At the G7 Leaders Summit in Hiroshima, President Biden announced concrete steps to implement the vision of the Partnership for Global Infrastructure and Investment (PGII) to mobilize $600 billion by 2027 in infrastructure investments around the world. The announcement included public-private support for the Romania small modular reactor (SMR) project from the United States, Japan, Republic of Korea, and United Arab Emirates of up to $275 million, which includes a Letter of Interest from U.S Export-Import Bank (EXIM) for up to $99 million from the EXIM Engineering Multiplier Program. In addition, EXIM and U.S. International Development Finance Corporation (DFC) issued Letters of Interest for potential support of up to $3 billion and $1 billion, respectively, for project deployment.
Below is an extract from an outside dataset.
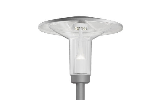 Laterne iQ, Mastleuchte, Modul 540 iQ-SR, primäre Lichtlenkung mit 3-Zonen Facetten-Reflektor, aus Kunststoff, Silber beschichtet, hochglänzend, strukturiert, primäre lichttechn. Abdeckung: Abdeckung, aus PMMA, klar, Lichtverteilung: C120006, Abstrahlwinkel primär: breit strahlend, Lichtaustritt: direkt strahlend, primäre Lichtcharakteristik: symmetrisch, Montageart: Aufsatz, Leuchtmittel: LED, Bemessungswerte: 2.970lm | 23,9W | 124,3lm/W (Beginn Lebensdauer); Ende Lebensdauer: 2.970lm | 25,5W; bei 50% Lichtstrom: 1.485lm | 11,5W | 129,1lm/W, Farbtemperatur: 2200K, Farbwiedergabe: CRI > 70, Lichtfarbe: 722, Lichteinstellung 1 (weitere Lichteinstellungen möglich): 100% | 2.970lm | 23,9W | 124,3lm/W | 2.200K (Beginn Lebensdauer); Ende Lebensdauer: 25,5W, Vorschaltgerät: iQ Street-Remote, Steuerung: Voreinstellung: Dimmkennlinie logarithmisch, Street-Remote, Auto-Match, Temp-Guard, Lumen-Switch, Night-Set, Smart-Wire, Light-Fading, Desk-Remote (drahtloses, spannungsfreies Auslesen und Einstellen der iQ-Features in der Werkstatt via anwendungsoptimierter NFC-Funktion/RFID-Funktion), optimierte Konstantlichtstromsteuerung (CLO 2.0), Netzanschluss: 220..240V, AC, 50/60Hz, Stoßspannungsfestigkeit: Stoßspannungsfestigkeit: 10kV (Common Mode); 6kV (Differential Mode), Elektrischer Anschluss: Klemme, 6polig, max. 2,5mm², eindrähtig, feindrähtig, Leuchtengehäuse-Oberteil, aus Polyester, glasfaserverstärkt, lackiert, SITECO eisenglimmer (DB 702S), Durchmesser: 750mm, Höhe: 583mm, für Zopfmaß: d x l = 76 x 70mm (Aufsatz) | mit Reduzierstück (optionales Zubehör) 60 x 70mm, Mastaufsatzelement, aus Aluminium-Druckguss, lackiert, SITECO eisenglimmer (DB 702S), Modul 540 iQ-SR, verkehrsweiß matt (RAL 9016), Ausstattung: Standard, Schutzart (gesamt): IP65, Schutzklasse (gesamt): SK II (Schutzisoliert), Prüfzeichen: CE, ENEC, VDE, Verpackungseinheit: 1 Stück

Together with new pledges by Romania, these commitments demonstrate the power of multinational cooperation and public-private partnership on transformative infrastructure projects and will move forward Romania’s leading-edge SMR project, based on the U.S. firm NuScale Power LLC technology, towards deployment in 2029.
The Romania SMR project will replace a former coal plant at Doicesti with clean power and will capitalize on the experience gained on the first SMR project under development in the United States at the Carbon Free Power Project in Idaho. The Doicesti SMR project builds on over a quarter century of Romania’s safe and secure nuclear power plant operation experience.
Partners advancing the SMR project include Japan Bank for International Cooperation (Japan); DS Private Equity (Republic of Korea); EXIM Bank Romania, S.N. Nuclearelectrica S.A., Nova Power & Gas S.R.L. (Romania); Emirates Nuclear Energy Corporation (ENEC, United Arab Emirates); DFC and EXIM (United States). Commitments will support procurement of long lead materials, finalization of front-end engineering and design (FEED) work, provision of project management expertise, site characterization and regulatory analyses, and precise schedule and budget estimates for project execution. ENEC’s involvement in the Romanian SMR project, through in-kind contribution of nuclear experts, represents the first nuclear energy-focused activity undertaken within the U.S.-UAE Partnership for Accelerating Clean Energy (PACE) platform. PACE was launched in November 2022 to catalyze $100 billion in financing, investment, and other support to deploy 100 new gigawatts of clean energy capacity by 2035, delivering further momentum and impact on the road to the Conference of the Parties to the UN Framework Convention on Climate Change (COP28), which the UAE will host in November 2023.
This multilateral endeavor to deploy safe and secure civil nuclear technology is a testament to the essential role nuclear energy plays in the global clean energy transition and meeting our collective goal to limit global warming to 1.5 degrees Celsius. The United States is committed to supporting the use of innovative clean energy technologies to power global decarbonization efforts and provide energy security and independence to partners around the world.